Approach to capital
First — structure, roles and constraints.
Then — instruments.
This page is not about what to invest in.
It is about how decisions around capital are made.
Capital is not a portfolio
Capital is a system.
Not a collection of instruments.
Not a list of ideas.
Not a sequence of trades.
A system where decisions are connected.
Capital without structure
Most problems with money
do not come from the market.
They come from the absence of structure.
There may be capital.
There may be access to instruments.
There may even be experience.
But there is no logic
that ties everything together.
Three roles of capital
Most situations can be reduced to three roles.
Preservation
So capital remains available
and is not dependent on a single mistake.
Growth
So capital compounds
over the long term.
Income
So it can support current needs.
Problems arise
when all of this is mixed together.
Simple solutions do not work
A deposit is not a strategy.
Real estate is not a system.
A “bunch of ideas” is not capital management.
Such approaches may work
at smaller scale
or over shorter periods.
As capital grows,
risks emerge:
- concentration
- illiquidity
- dependence on a single scenario
- loss of control
What a capital system is
A system is the logic
by which capital is structured.
It defines:
- the role of each segment of capital
- acceptable risk
- time horizon
- liquidity
- connection to real-life objectives
- ability to access capital when needed
Only after that
do instruments come into play.
Investment scope
When capital is concentrated in one country,
we are almost always
limited in our options.
Global exposure is not only about returns.
It is also about:
- diversification
- resilience
- reduced dependency
- access to different economies
- ability to move capital when needed
There are also constraints.
These need to be addressed upfront.
What drives results
Certainly not “trading ideas”.
Results come from:
- capital structure
- asset allocation
- discipline
- consistency in decision-making
- independence from products
Investing is not a sprint.
It is a long-term process.
Boundaries of expertise
Good professionals understand the limits of their expertise.
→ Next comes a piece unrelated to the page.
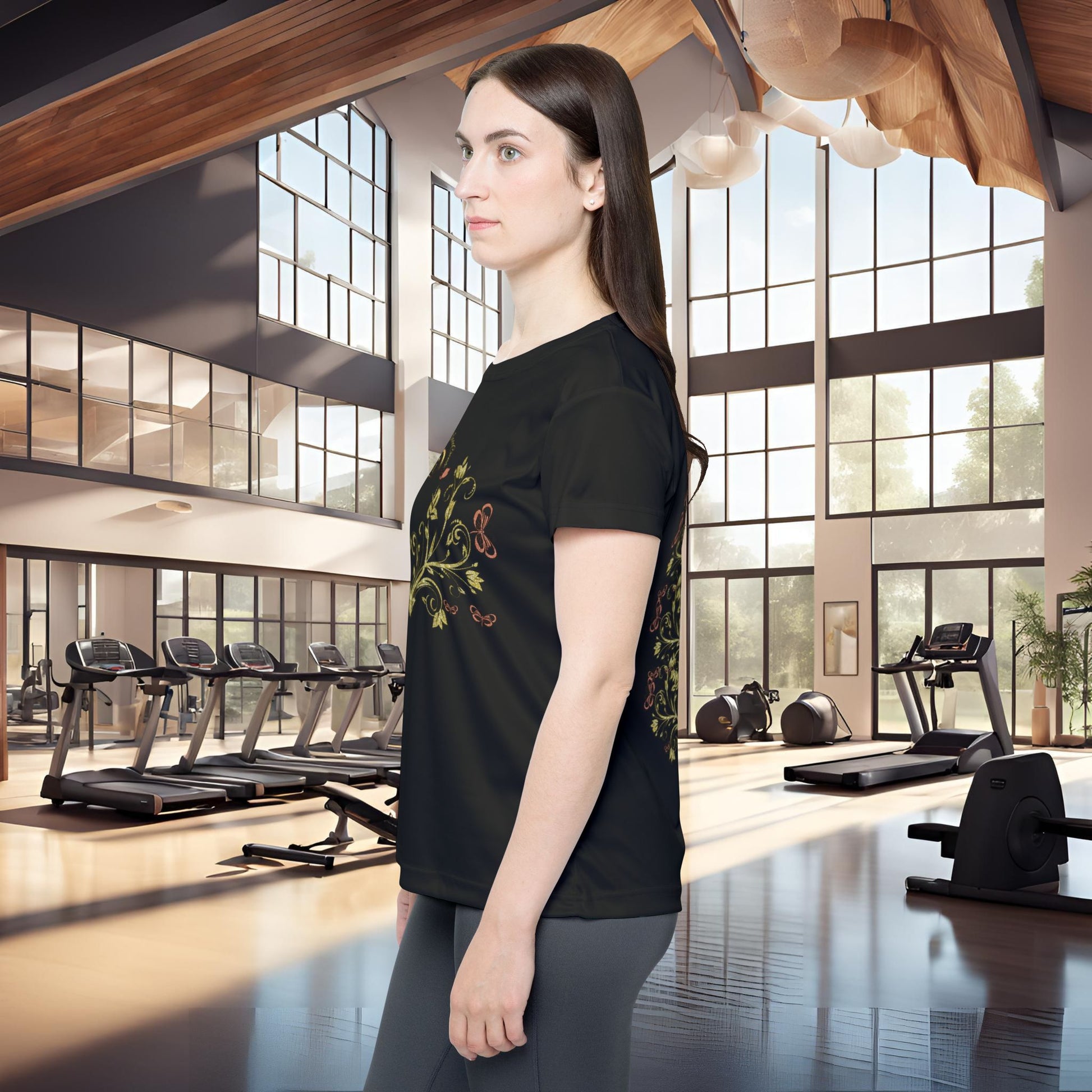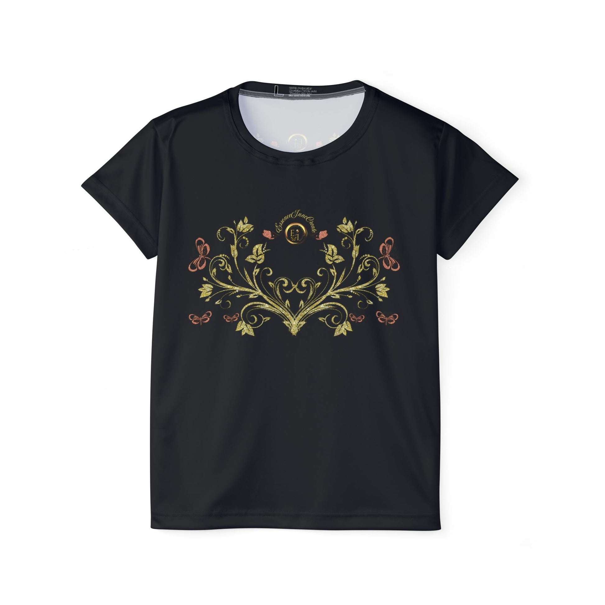 The Butterfly Blossom Tee VII | EssenceInnoCreate | Black transforms wearable art into a daily ritual. Its front design showcases golden blooms, butterflies, and vines—symbols of creativity and renewal. Heart-shaped motifs weave through the artwork, reflecting the deep emotion and soulful detail that define the Butterfly Blossom series.

I do not try to cover everything.
I do not build institutional-grade
fixed income strategies.
I am not a tax or legal advisor.
But I understand
where these areas intersect with capital,
and involve the right specialists when needed.
What it comes down to
A good portfolio is a result of structure.
When the system is clear,
decisions become obvious.
And capital begins to behave
less randomly, and more predictably.